The task: Records follow. Print exactly the lines from the one that has "Ирина Юрьевна Сабурова, медицинский" through the one that has "为深入学习党的二十大报告,充", inclusive, and omit the pictures.

Dataset items
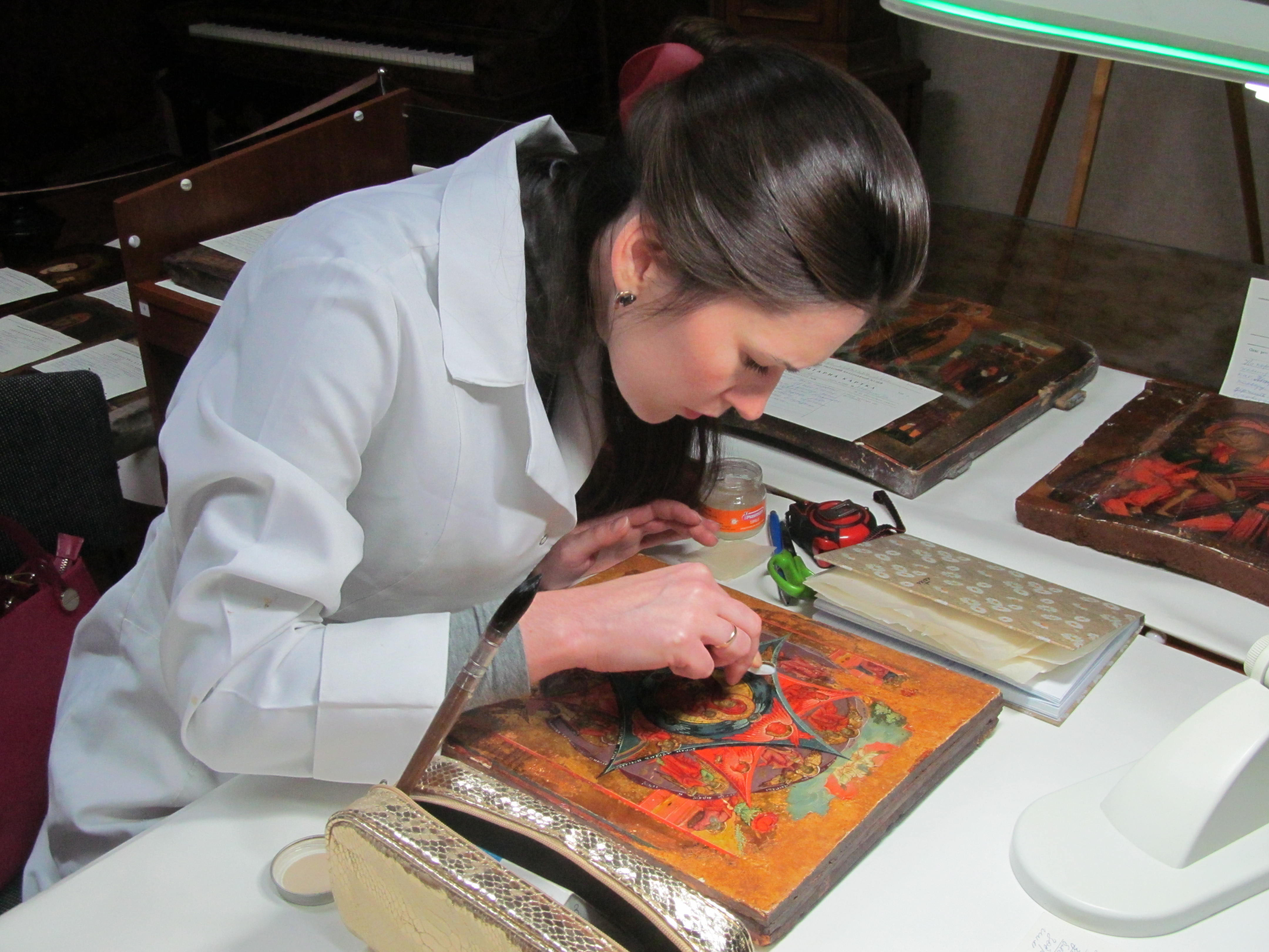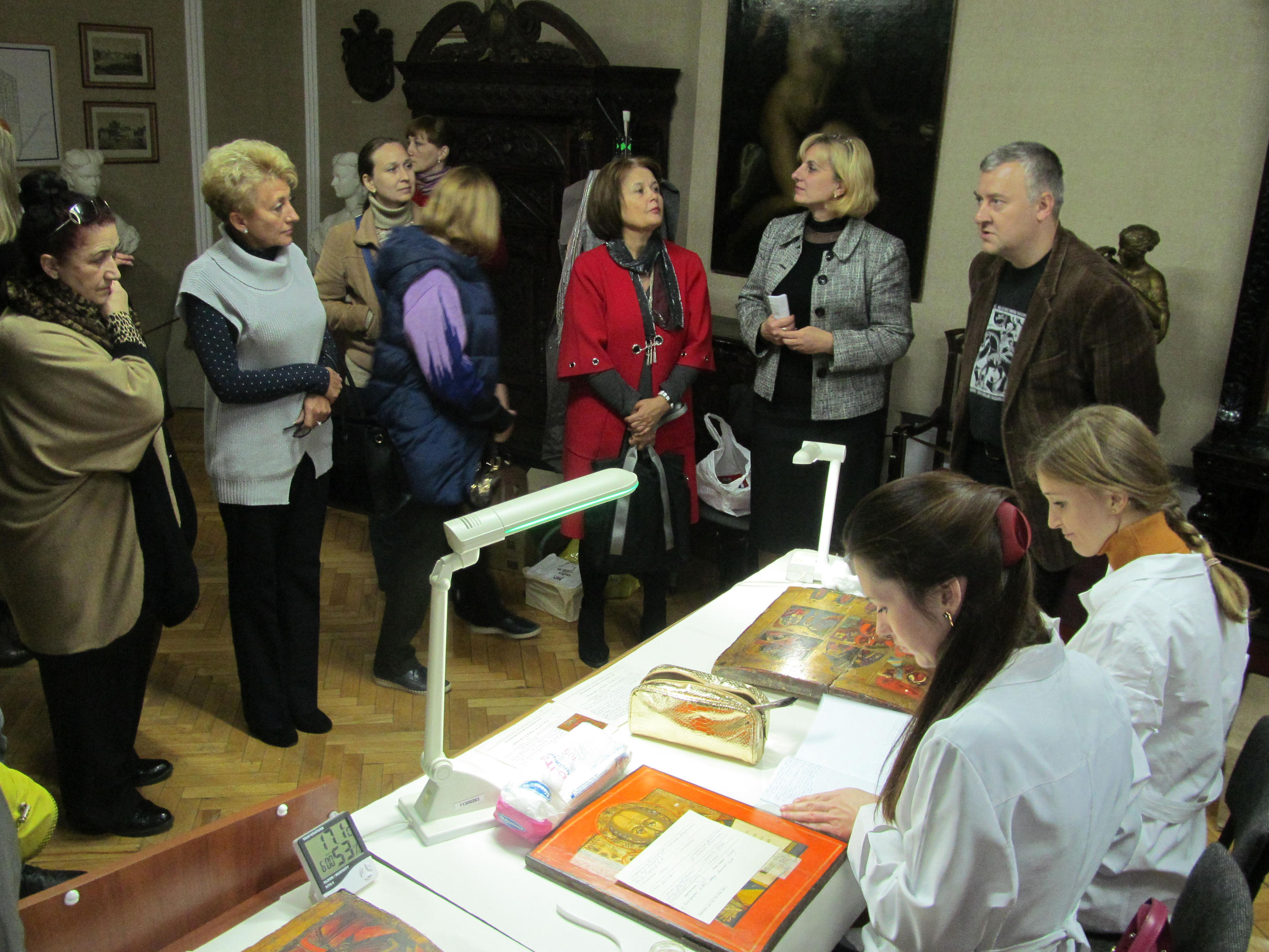 В рамках засідання особливий інтерес та захоплення викликала демонстрація практичної роботи реставраторів Національного реставраційного центру по збереженню та консервації музейних цінностей.
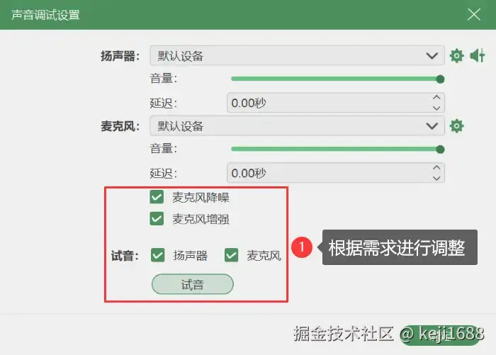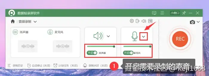 步骤2:在【音频录制】模式中,选择开启扬声器(录制电脑内部的声音)或麦克风(录制电脑外部的声音)。也可以点击进入 【声音调试设置】 中勾选麦克风增强或降噪,并进行试音操作。然后返回录制页面点击【REC】按钮开始录音。
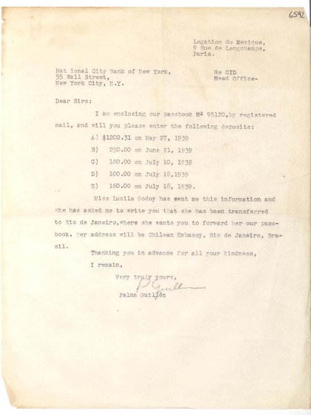 [Carta] 1939, París [a] National City Bank of New York, New York [manuscrito] Palma Guillén.
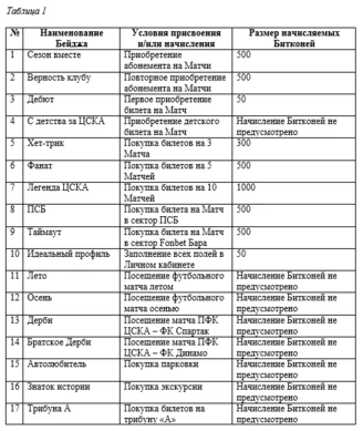 3.2. Биткони за участие в Программе лояльности ПФК ЦСКА начисляются в порядке и размерах, предусмотренных Таблицей 1. Срок начисления Битконей может составлять до 5 (пяти) рабочих дней.
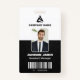 Introducing our sophisticated ID card featuring a striking contrast of white elegance on the top half and bold black geometric patterns on the bottom half. Personalise these vertical badges by adding your employee photo and name, and include two lines of custom text for essential details like employee ID number, role, or location. Your company logo takes pride of place at the top, making a powerful statement. And don't forget the additional custom text field on the back for return information or other important details. Elevate your professional presence with this sleek and customisable ID card design – because your identity deserves to stand out!
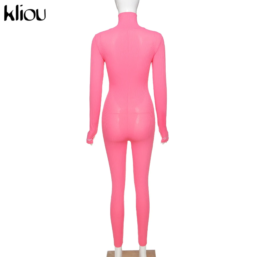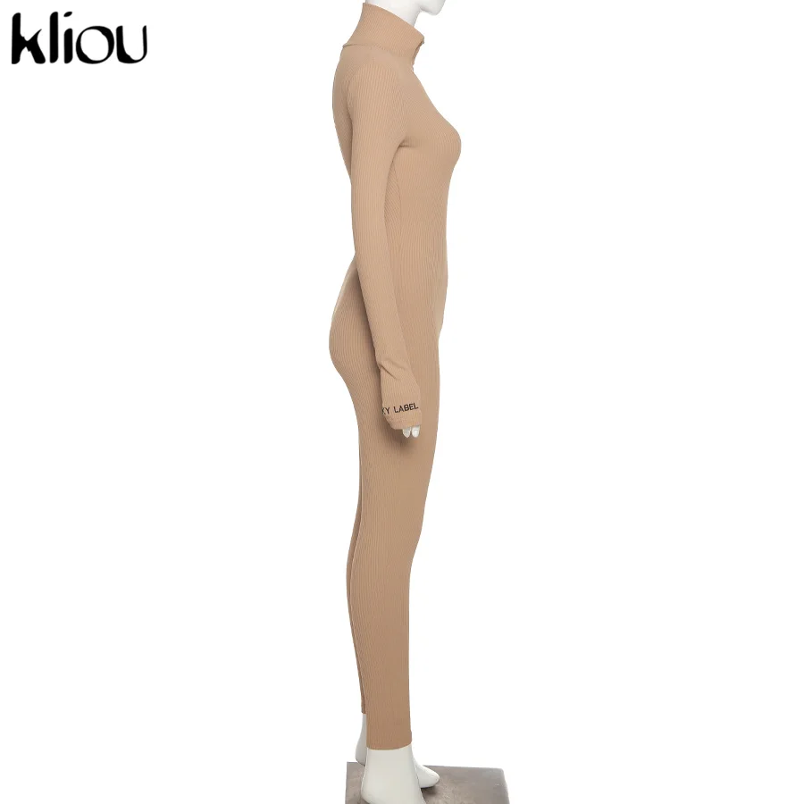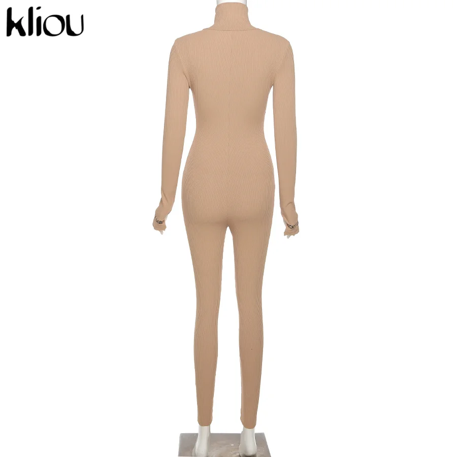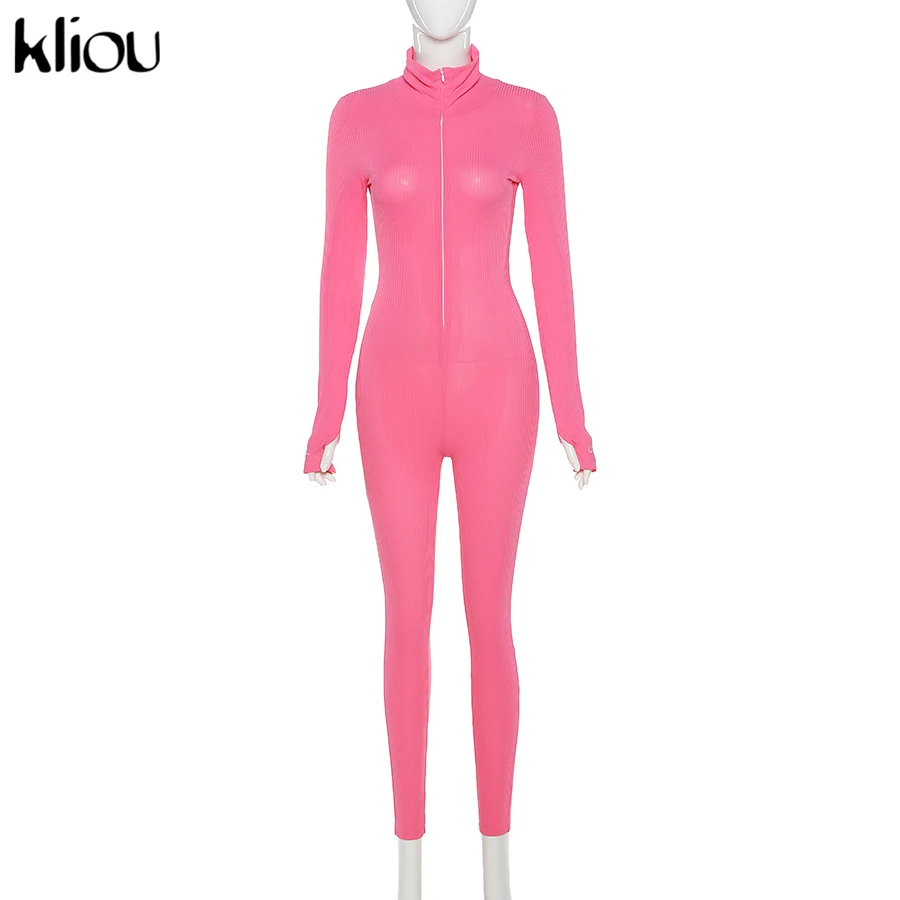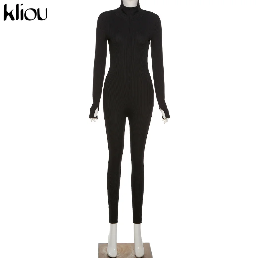 Женский комбинезон на молнии, с высоким воротником и длинным рукавом
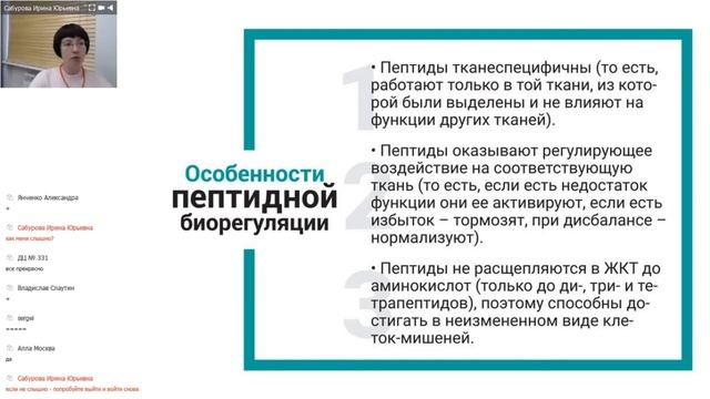 Ирина Юрьевна Сабурова, медицинский консультант НПЦРИЗ, врач-генетик, к. м. н., рассказывает о продукции НПЦРИЗ: Пептидная биорегуляция, эффективность, безопасность, комплексное применение продукции.
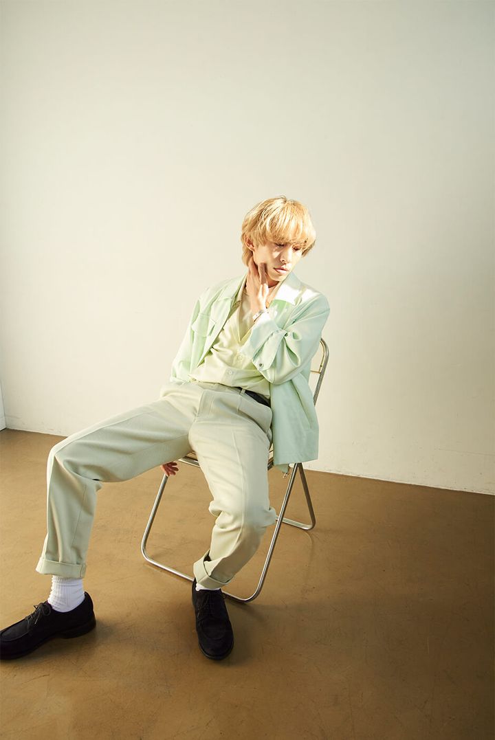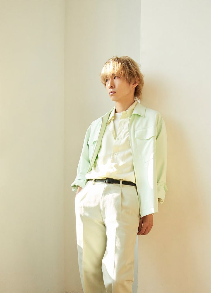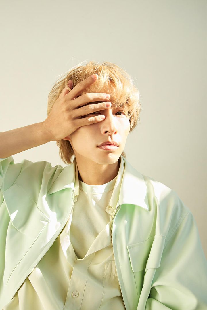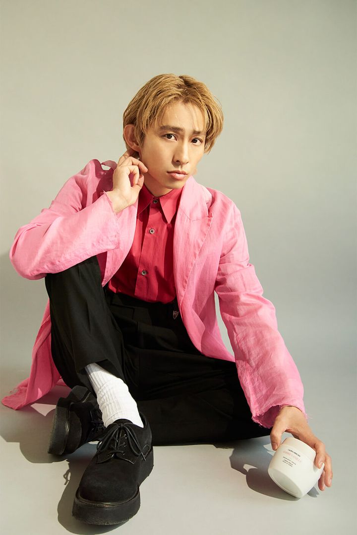 「すごく自然に、くすみを飛ばしてくれる」と彼も言う通り、素肌の美しさを引き立てたミニマムなメイクで、フレッシュなムードを漂わせている。
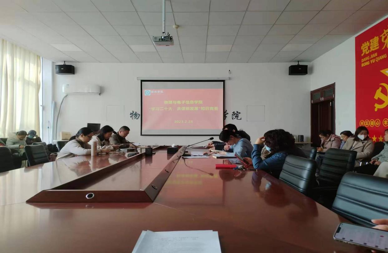 为深入学习党的二十大报告,充分领会党的二十大精神,实现立德树人的教育目标,物电学院91精品国产情侣高潮对白于228日举办了以“学习二十大、共谋新发展”为主题的知识竞赛活动。全体教职工参与了此次活动。
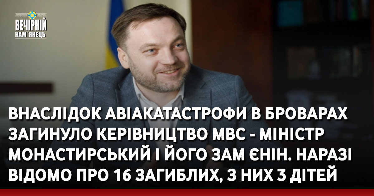 Сьогодні вранці, 18 січня, у Броварах розбився гвинтокрил ДСНС. Внаслідок авіакатастрофи загинуло керівництво МВС: міністр Денис Монастирський, перший заступник міністра Євген Єнін та державний секретар МВС Юрій Лубкович.
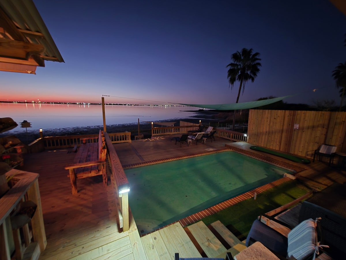 Kotedža un piestātne pie ūdens ir ideāli piemērota jūsu nākamajam atvaļinājumam, darījumu braucienam vai makšķerēšanas braucienam. Kotedža pie krasta atrodas Laguna Madre in Flour Bluff. Izbaudiet rīta kafiju vai tēju ar skaistāko sauli Laguna Madre no savas privātās piestātnes, dzīvojamās istabas vai guļamistabas! No logiem paveras skats uz ūdeni visā mājā. Atpūtieties un vērojiet putnus no terases vai atpūtieties un makšķerējiet no savas apgaismotās privātās piestātnes. Atpūtieties un izbaudiet uzturēšanos!
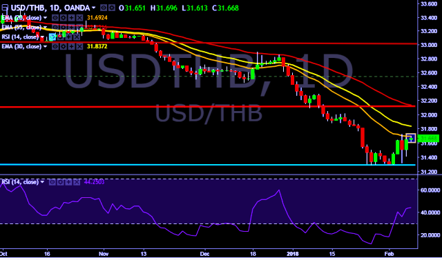We prefer to take long position in USD/THB only above 31.72, stop loss at 31.50 and target of 32.00.
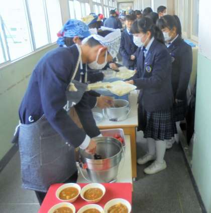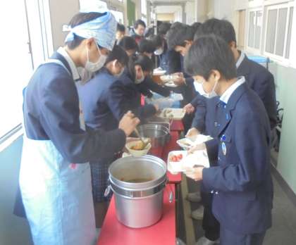 給食の配膳風景です。
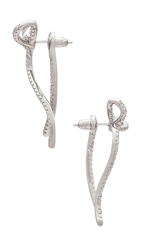 SHASHI Caroline Earrings in Metallic Silver. SHASHI Caroline Earrings in Metallic Silver. Silver-tone metal with pave clear crystals. Made in Turkey. Post-back closure. Measures approx 0.75 W x 1.25 H. SHAS-WL524. SH-E936. In 2009, designers Yuvi Alpert and Danna Kobo debuted Shashi, an everyday jewelry line that holds to the unique quality of their luxury brand Ruby Kobo. As the free-spirited, bohemian-inspired sister collection to their main line, Shashi is fraught with dainty jewels and beaded pieces, architectural rings, and bright friendship bracelets. Pile them on or wear them alone for a style that is all your own. Shop the latest in fashion from SHASHI
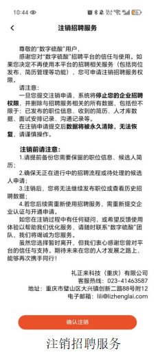 如您以公司管理員身份申請注銷招聘服務(wù),請務(wù)必仔細(xì)閱讀《招聘服務(wù)注銷協(xié)議》相關(guān)條款。請注意:一旦提交注銷申請,該公司名下的所有招聘數(shù)據(jù)(包括職位、簡歷等)將被永久清除且無法恢復(fù),請謹(jǐn)慎操作。

Output for this task:
 Ирина Юрьевна Сабурова, медицинский консультант НПЦРИЗ, врач-генетик, к. м. н., рассказывает о продукции НПЦРИЗ: Пептидная биорегуляция, эффективность, безопасность, комплексное применение продукции.
 「すごく自然に、くすみを飛ばしてくれる」と彼も言う通り、素肌の美しさを引き立てたミニマムなメイクで、フレッシュなムードを漂わせている。
 为深入学习党的二十大报告,充分领会党的二十大精神,实现立德树人的教育目标,物电学院91精品国产情侣高潮对白于228日举办了以“学习二十大、共谋新发展”为主题的知识竞赛活动。全体教职工参与了此次活动。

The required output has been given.